2. $$\left[\mathrm{Co}\left(\mathrm{H}_2 \mathrm{O}\right)_6\right]^{2+}$$

The oxidation state of Co is +2. The electronic configuration of $$\mathrm{Co}^{2+}$$ is $$\left[\mathrm{Ar}\right]3d^7$$.

In an octahedral field, the splitting pattern for the 3d orbitals will be: $$t_{2g}^5 e_g^2$$. Therefore, there are 5 electrons in the $$t_{2g}$$ orbitals (odd).

3. $$\left[\mathrm{Co}\left(\mathrm{H}_2 \mathrm{O}\right)_6\right]^{3+}$$

The oxidation state of Co is +3. The electronic configuration of $$\mathrm{Co}^{3+}$$ is $$\left[\mathrm{Ar}\right]3d^6$$.

In an octahedral field, the splitting pattern for the 3d orbitals will be: $$t_{2g}^4 e_g^2$$. Therefore, there are 4 electrons in the $$t_{2g}$$ orbitals (even).

4. $$\left[\mathrm{Cu}\left(\mathrm{H}_2 \mathrm{O}\right)_6\right]^{2+}$$

The oxidation state of Cu is +2. The electronic configuration of $$\mathrm{Cu}^{2+}$$ is $$\left[\mathrm{Ar}\right]3d^9$$.

In an octahedral field, the splitting pattern for the 3d orbitals will be: $$t_{2g}^6 e_g^3$$. Therefore, there are 6 electrons in the $$t_{2g}$$ orbitals (even).

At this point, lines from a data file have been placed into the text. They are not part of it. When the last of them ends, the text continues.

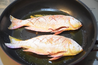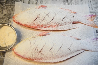 魚の両面に小麦粉を振ります。 |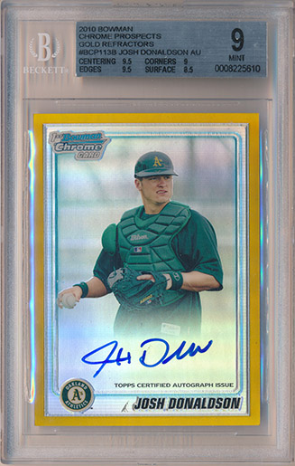 ![]() 2010 Bowman Chrome Prospects Autographs Gold Refractors #BCP113 21/50 BGS 9 |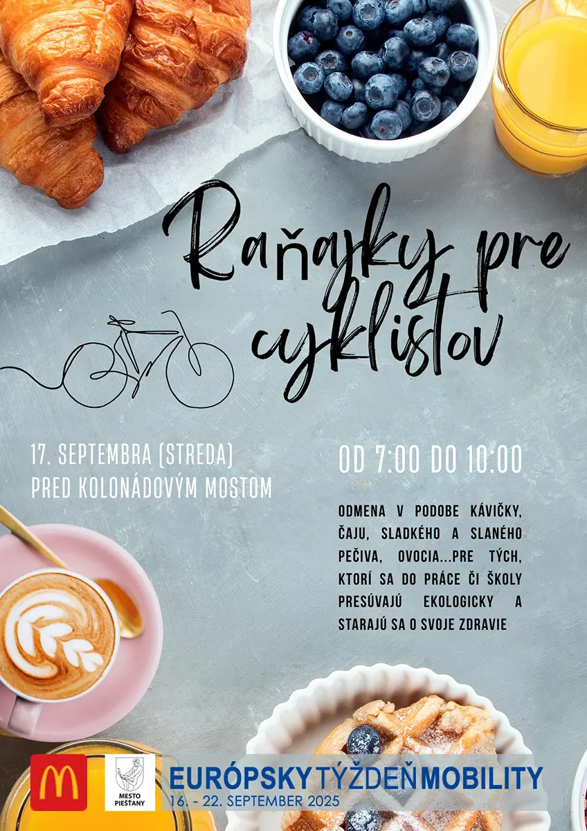 Mesto Piešťany sa v týchto dňoch zapája viacerými podujatiami do Európskeho týždňa mobility. Brezová ulica dnes bude pre všetkých okrem áut. Zajtra budú pripravené raňajky pre cyklistov pri Kolonádovom moste, v piatok si užijete nočnú cyklojazdu a nasledujúci pondelok má byť autobusová doprava zdarma.

5. $$\left[\mathrm{Cr}\left(\mathrm{H}_2 \mathrm{O}\right)_6\right]^{2+}$$

The oxidation state of Cr is +2. The electronic configuration of $$\mathrm{Cr}^{2+}$$ is $$\left[\mathrm{Ar}\right]3d^4$$.

In an octahedral field, the splitting pattern for the 3d orbitals will be: $$t_{2g}^3 e_g^1$$. Therefore, there are 3 electrons in the $$t_{2g}$$ orbitals (odd).

So, the complexes with an even number of electrons in the $$\mathrm{t_{2g}}$$ orbitals are:

1. $$\left[\mathrm{Fe}\left(\mathrm{H}_2 \mathrm{O}\right)_6\right]^{2+}$$ (4 electrons)

1. $$\left[\mathrm{Co}\left(\mathrm{H}_2 \mathrm{O}\right)_6\right]^{3+}$$ (4 electrons)
   


2. $$\left[\mathrm{Cu}\left(\mathrm{H}_2 \mathrm{O}\right)_6\right]^{2+}$$ (6 electrons)

Hence, there are 3 complexes with an even number of electrons in the $$\mathrm{t_{2g}}$$ orbitals. Therefore, the correct answer is option A.